In focus: Prospect Garden

Prospect Gardens

Many campus visitors stop to admire the lush landscaping at Prospect Garden.

 




At left:
The garden, established in the mid-1800s, includes a colorful array of 8,000 flowers ranging from geraniums to iris.


Photos: Denise Applewhite

All summer long, visitors to Princeton's Prospect House are treated to a view of its lush, colorful garden.

• Planting in the garden began shortly after the house was completed in 1849. Around that time the cedar of Lebanon, the hawthorn and the yew were installed near the tower on the west side. The cedar, a magnificent specimen, was one of the highlights of the garden until it was toppled during a snow storm in April 2003.

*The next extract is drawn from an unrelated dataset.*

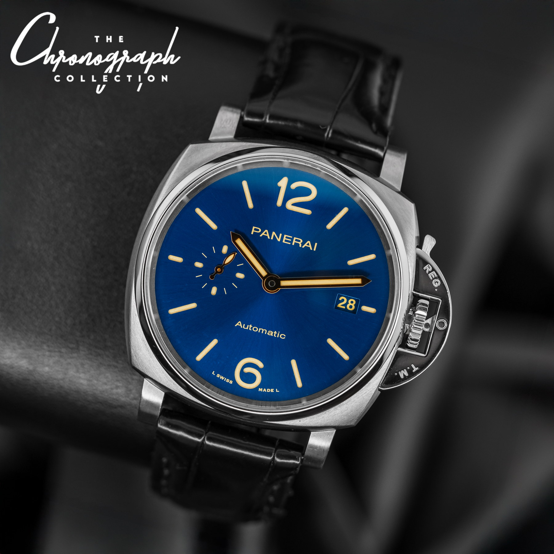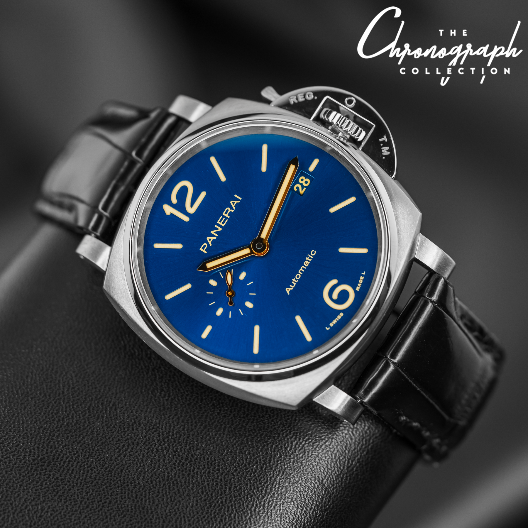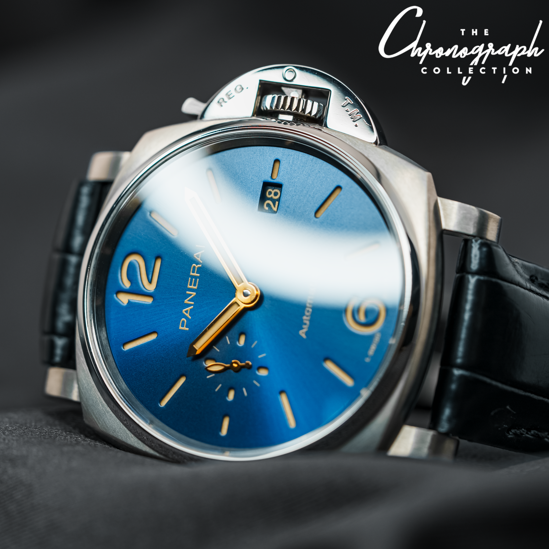 The PAM00927 is an elegantly designed and proportioned offering from the Panerai lineup. At 42mm, the titanium case is extremely wearable and comfortable. The sunburst blue dial features beige sandwich indices, a small seconds subdial at 9 o'clock, and date window at 3 o'clock, as well as a rose gold hand set. Inside the PAM00927 is Panerai's in-house Caliber P.900 automatic movement with 72 hours of power reserve.
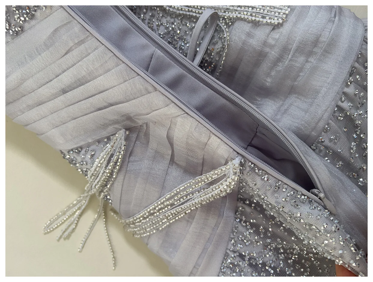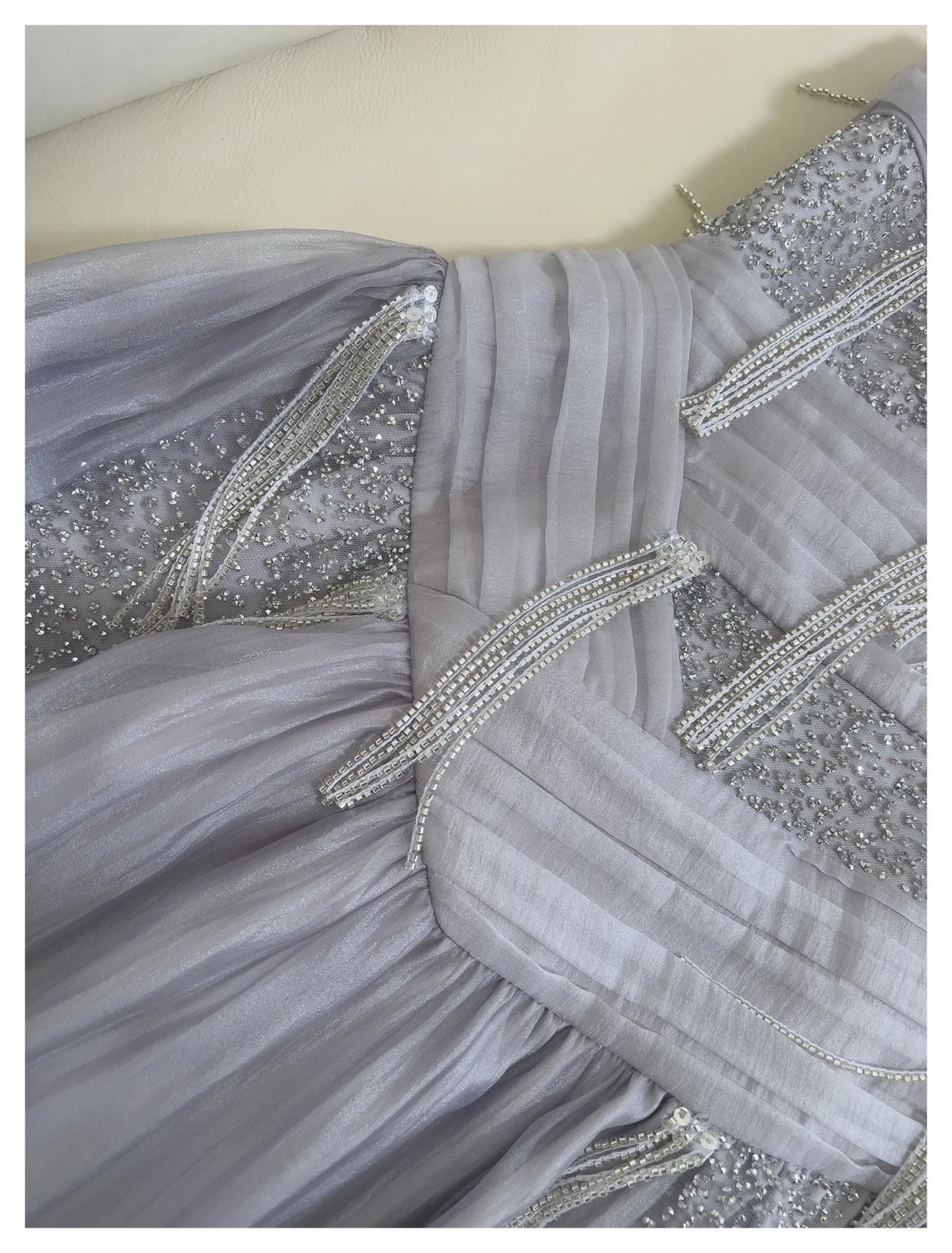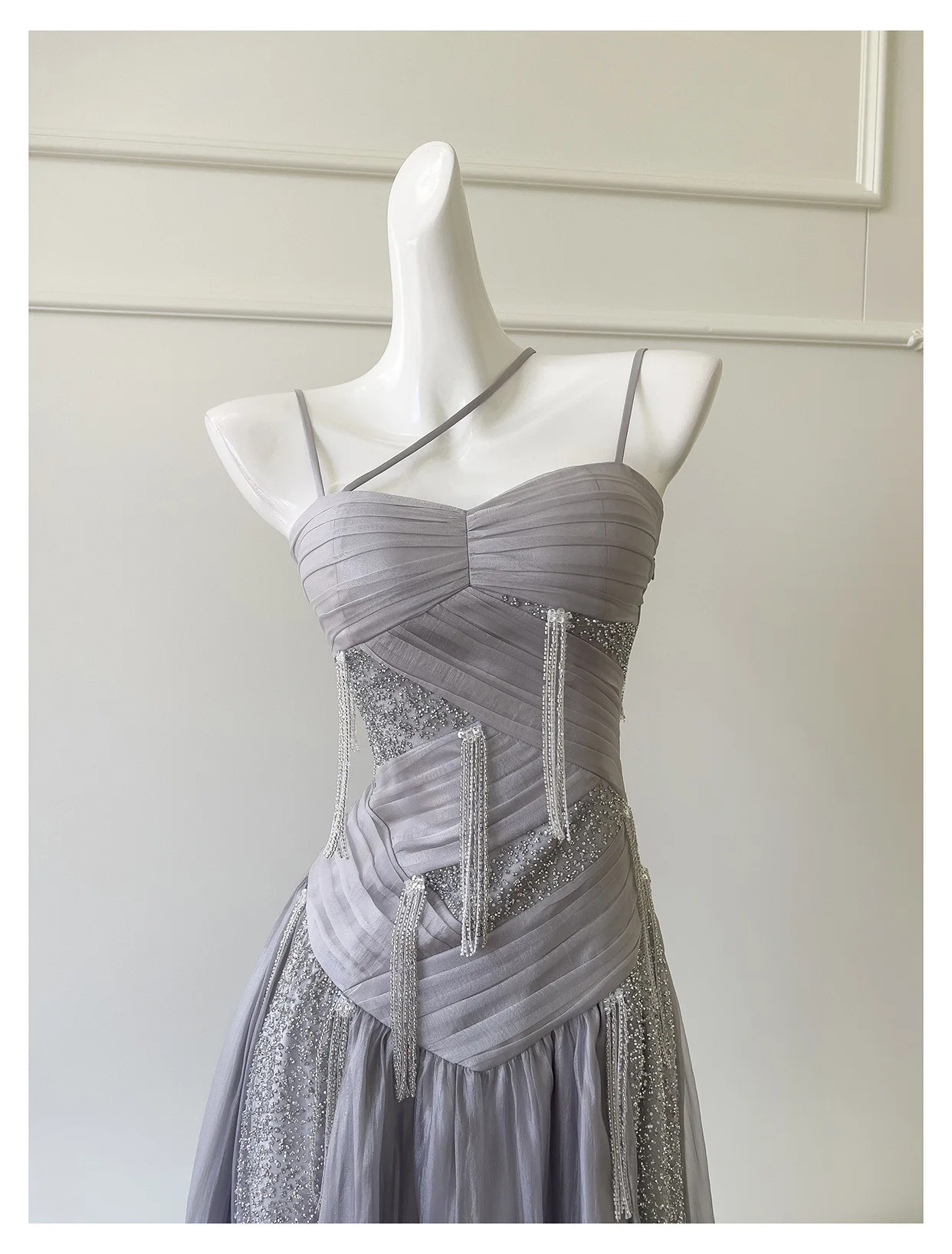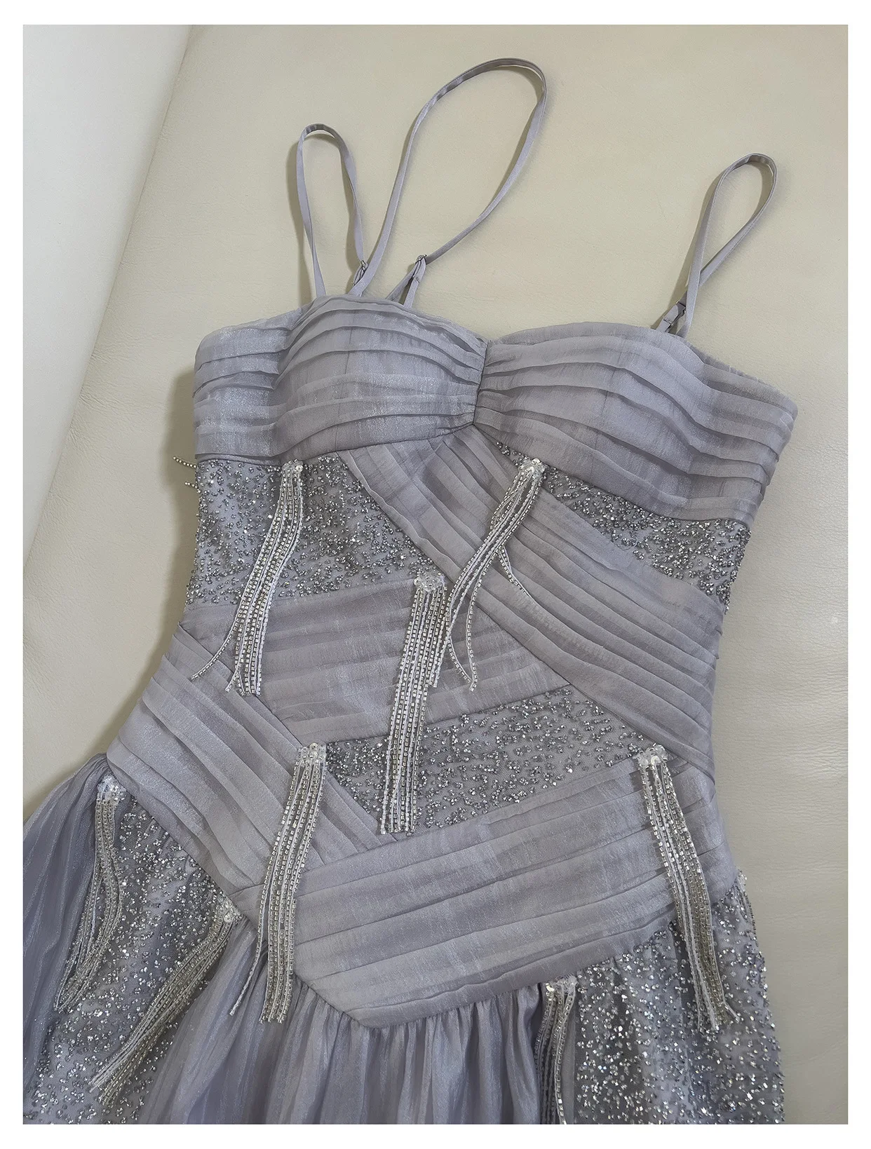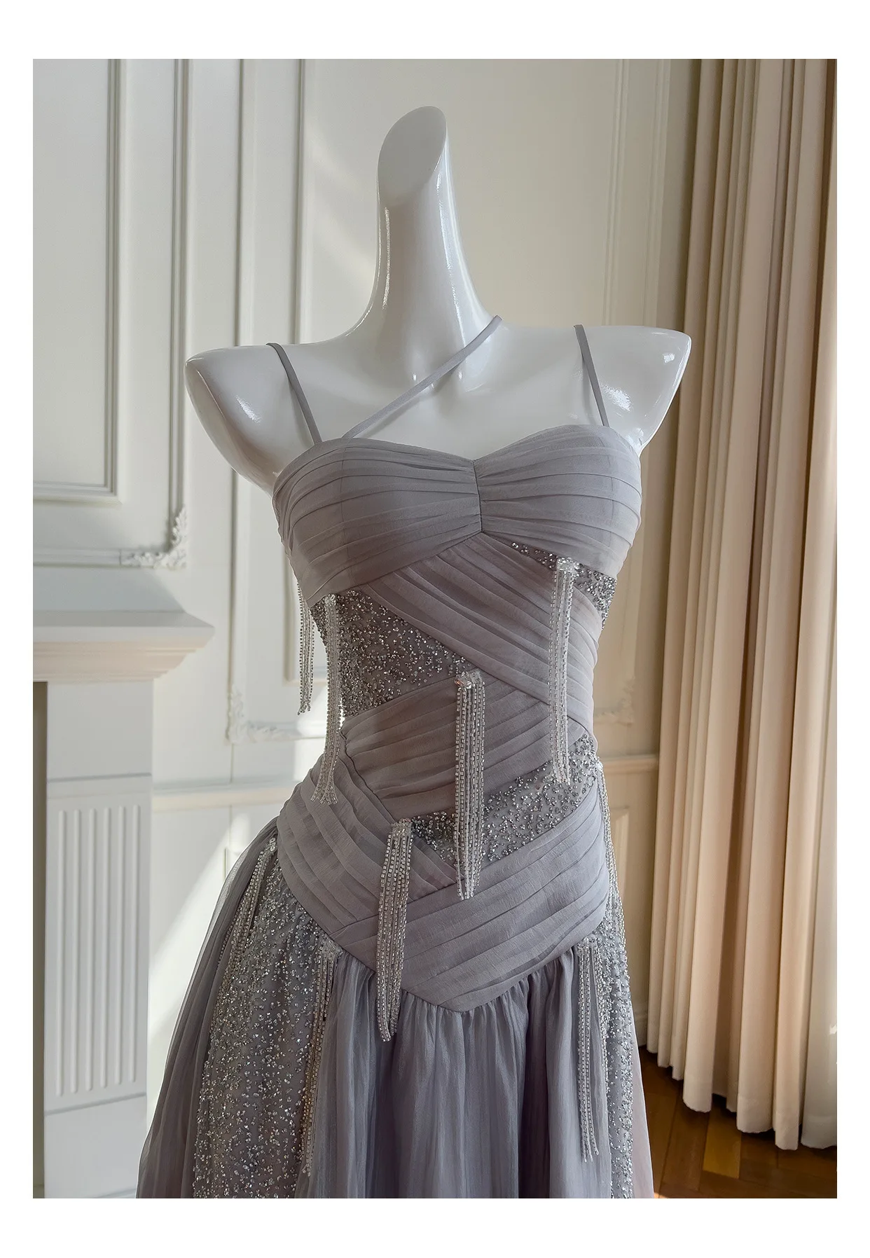 LBSFY -Charming Women's Gray Tulle Midi Dress With Lace Appliques Neckline Sleeveless Party Formal Gown Elegant

• The current layout was designed by Ellen Wilson, wife of former Princeton president Woodrow Wilson, who lived at Prospect House from 1902 until 1910. When viewed from above, the garden's pathways define the outline of the University seal. 

Prospect Gardens

• Eight thousand flowers are planted in the garden every year during a two-week period in May, after the tulip bulbs that bloomed in the spring are removed. Four landscapers from the grounds department plant the garden, which is planned by grounds supervisor John Wisniewski and supported by a gift from an anonymous donor.

• The 7-foot-wide flower beds contain geraniums, begonias, ageratum, impatiens, four kinds of marigolds and a dozen other types of flowers. The garden's permanent collection of perennials has day lilies, hibiscus, iris and other plants.